Begin at the line that holds "图 16. (a) 原始策略和安全策略的实验轨迹样本。(b)" and copy each line exactly until the data below ends, including that last line but no pictures.

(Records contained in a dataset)

◆ ◆ ◆

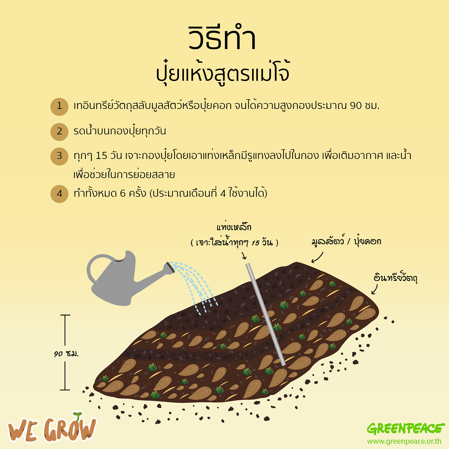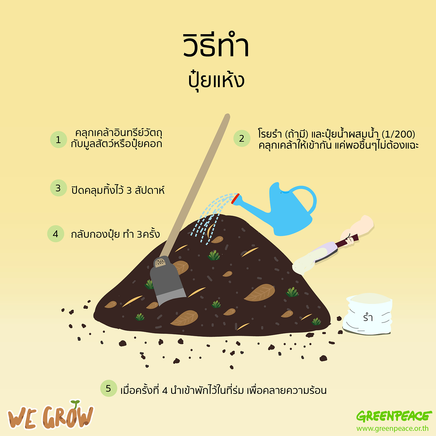 2.โรยรำ (ถ้ามี) และปุ๋ยน้ำผสมน้ำ (1/200) คลุกเคล้าให้เข้ากัน แค่พอชื้นๆไม่ต้องแฉะ 3.ปิดคลุมทิ้งไว้ 3 สัปดาห์
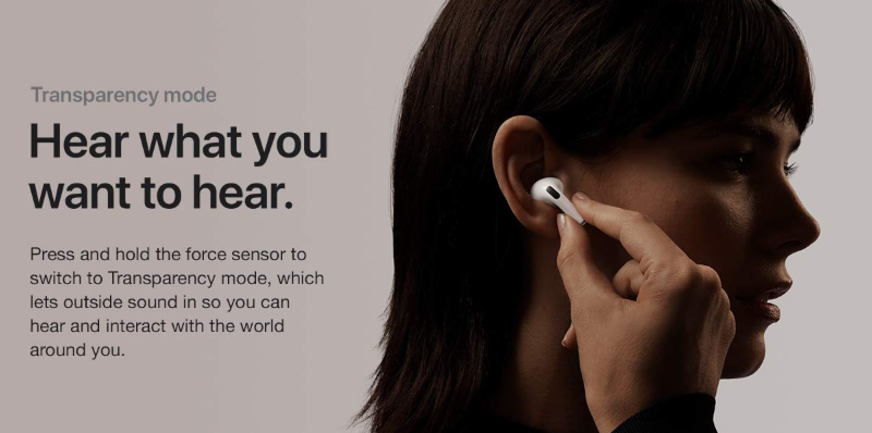 몰입 사운드를 위한 노이즈제거 기능 - Transparency mode for hearing and connecting with the world around you
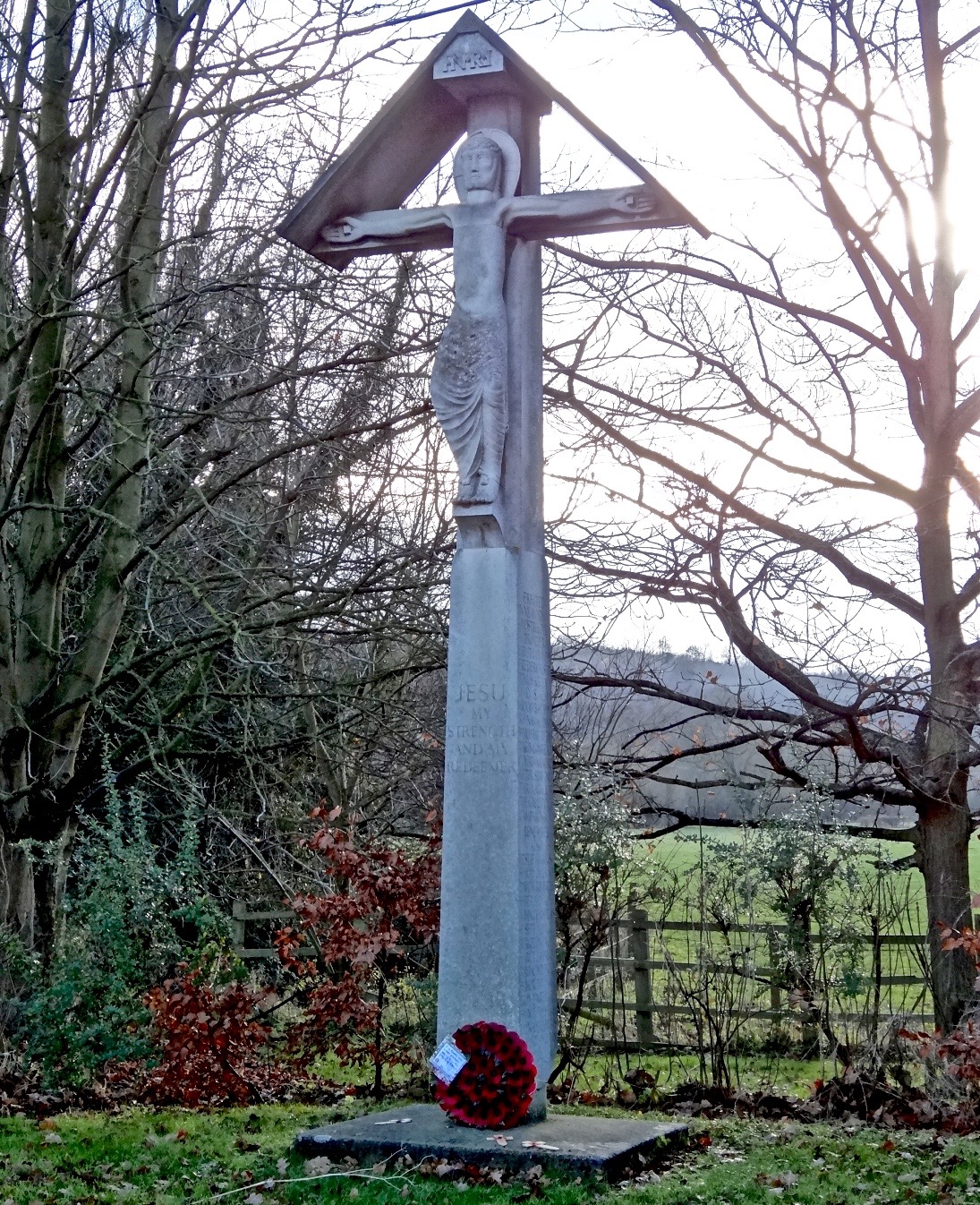 (The Bisham War Memorial is) by the renowned sculptor, Eric Gill, in the form of a Calvary depicting a crucified but triumphant Christ executed in Portland stone… (It is a) good example of Eric Gill’s newly resolute, Romanesque style figure of Christ that had emerged from his reaction to mass bereavement caused by the war… (It is) a powerful Christ, not a dying or suffering figure. This resurrected Christ, that has conquered death, was intended as spiritual comfort to the bereaved… Gill also made a brass plaque in c.1917 to the memory of Kelly, which is inside Eton College antechapel.
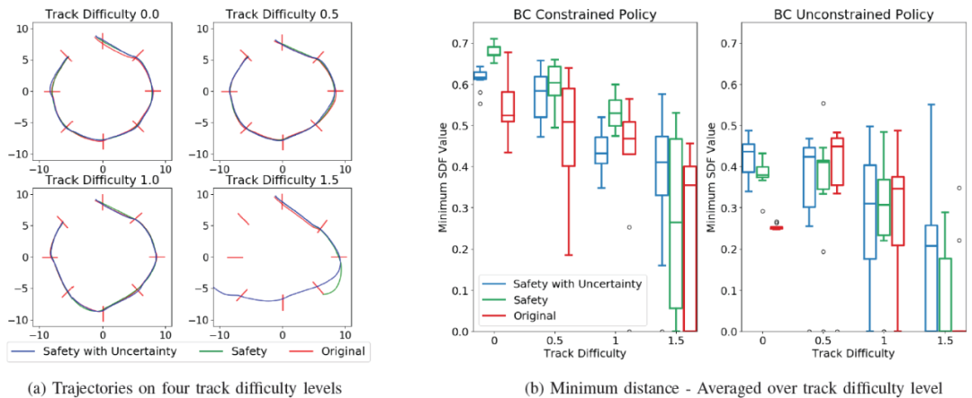 图 16. (a) 原始策略和安全策略的实验轨迹样本。(b) 箱线图总结了在 10 次实验中,每种难度水平下四旋翼机到达任何门的最近距离。水平线表示中间值,而方框的边界分别表示 25% 和 75% 分位数水平
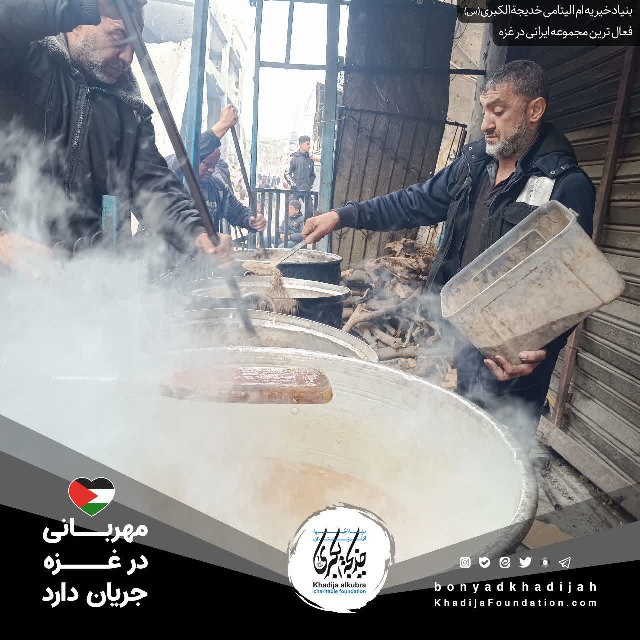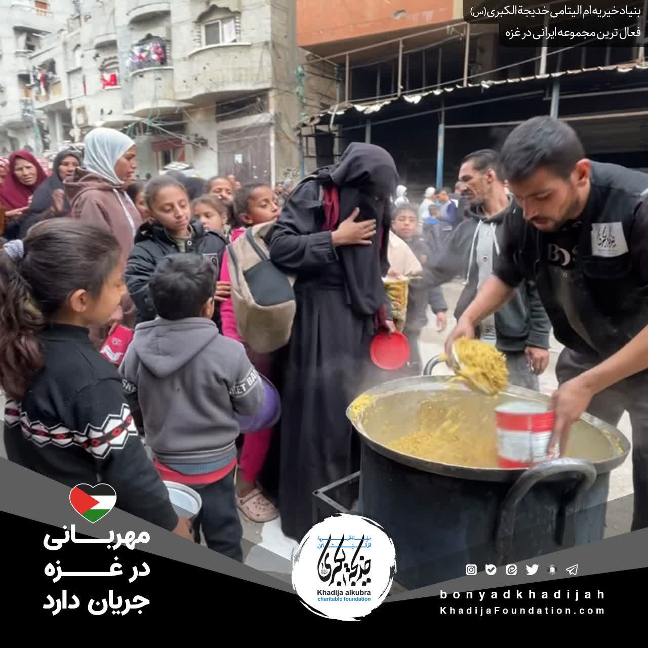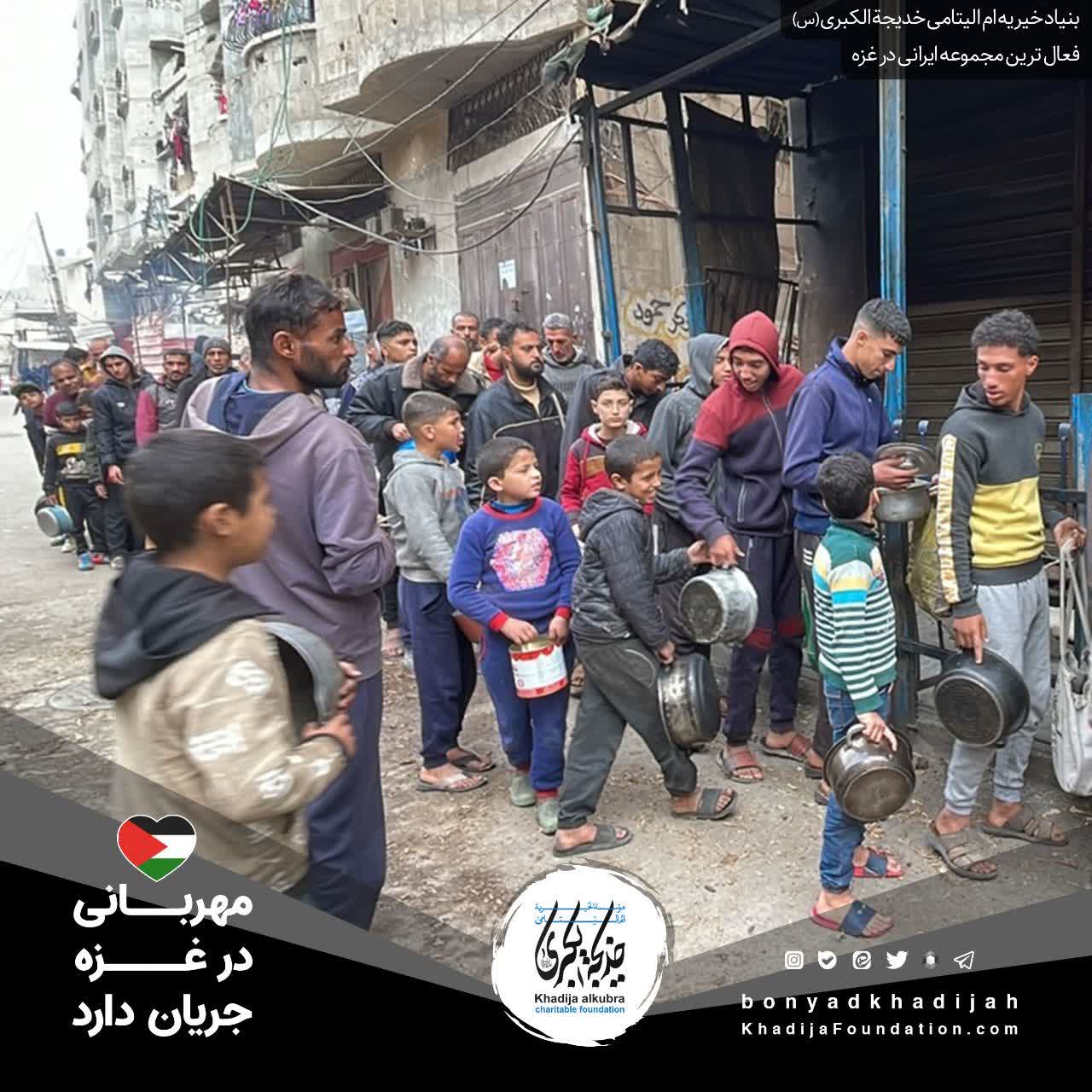 اطعام مردم مظلوم غزه توسط بنیاد خیریه ام‌الیتامی خدیجة الکبری علیها‌السلام، هر روز بدون وقفه انجام می‌گردد.
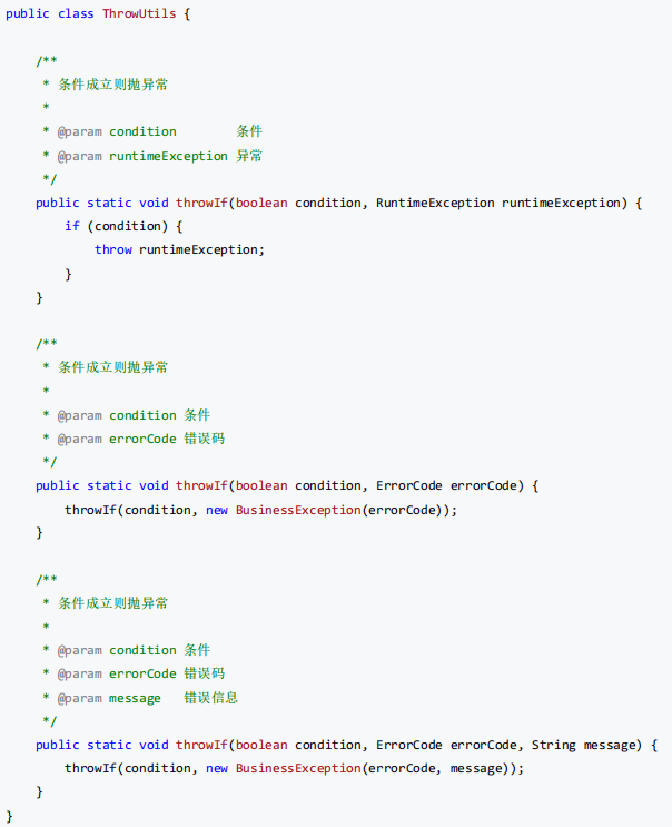 提供抛出工具(ThrowUtils)以减少业务层模板化代码,并确保抛出信息结构一致。

◆ ◆ ◆

*ANSWER TO THE PROBLEM*:
 图 16. (a) 原始策略和安全策略的实验轨迹样本。(b) 箱线图总结了在 10 次实验中,每种难度水平下四旋翼机到达任何门的最近距离。水平线表示中间值,而方框的边界分别表示 25% 和 75% 分位数水平
 اطعام مردم مظلوم غزه توسط بنیاد خیریه ام‌الیتامی خدیجة الکبری علیها‌السلام، هر روز بدون وقفه انجام می‌گردد.
 提供抛出工具(ThrowUtils)以减少业务层模板化代码,并确保抛出信息结构一致。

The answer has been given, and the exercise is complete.